Markets are coming off a volatile March
Figure 1 illustrates the Dow’s daily change since February 2020, where the 30-stock index started falling from its Feb. 12 record of 29,551.42.
As Figure 1 illustrates, the Dow changes started fluctuating massively during March, with multiple days featuring a four-digit change in either direction. The daily changes ranged between -2,997.1 and 2,112.98, representing a percentage decline of close to 15% and a percentage increase of at least 10%.
Buffett indicator tumbles near three-year low
According to Buffett’s market indicator, the Wilshire 5000 full-cap market index is 113.6% higher than the U.S. gross domestic product, suggesting a modestly overvalued stock market. Based on this market valuation level, the expected market return per year over the next eight years is 1.90%, assuming a reversion to the mean market valuation ratio of 80%.
The predefined and actual returns chart considers a few scenarios, including a pessimistic case where the total market cap averages around 40% of gross domestic product and an optimistic case where the total market cap averages around 120% of gross domestic product during the next eight years. According to the chart, the expected annual return ranges from -6.10% per year in the pessimistic case and 6.80% per year in the optimistic case.
Shiller price-earnings ratio gives a second perspective on market valuations
Yale Professor Robert Shiller measures market valuations using a cyclically-adjusted price-earnings ratio.

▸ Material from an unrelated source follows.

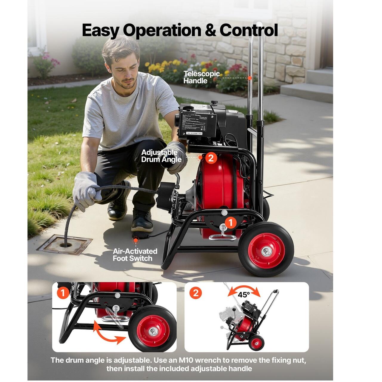 Mai multe modele imbunatatite: Unghiul reglabil al tamburului va permite sa aliniati tamburul cu intrarea in teava, asigurand o alimentare mai lina a cablului si o operare mai usoara in diferite scenarii. Manerul telescopic cu 2 niveluri ofera o utilizare mai ergonomica si faciliteaza transportul si depozitarea.

Based on a Shiller price-earnings ratio of 23.7, which is 39.40% higher than the historical mean of 17, the implied future annual return is 2.1% per year.
Chief financial officer buy-sell ratios reach five-year high
As the markets tumble near three-year lows, the buy-sell ratio among company chief financial officers has reached 1.47 in March, close to a five-year high.
Disclosure: The author is long Apple.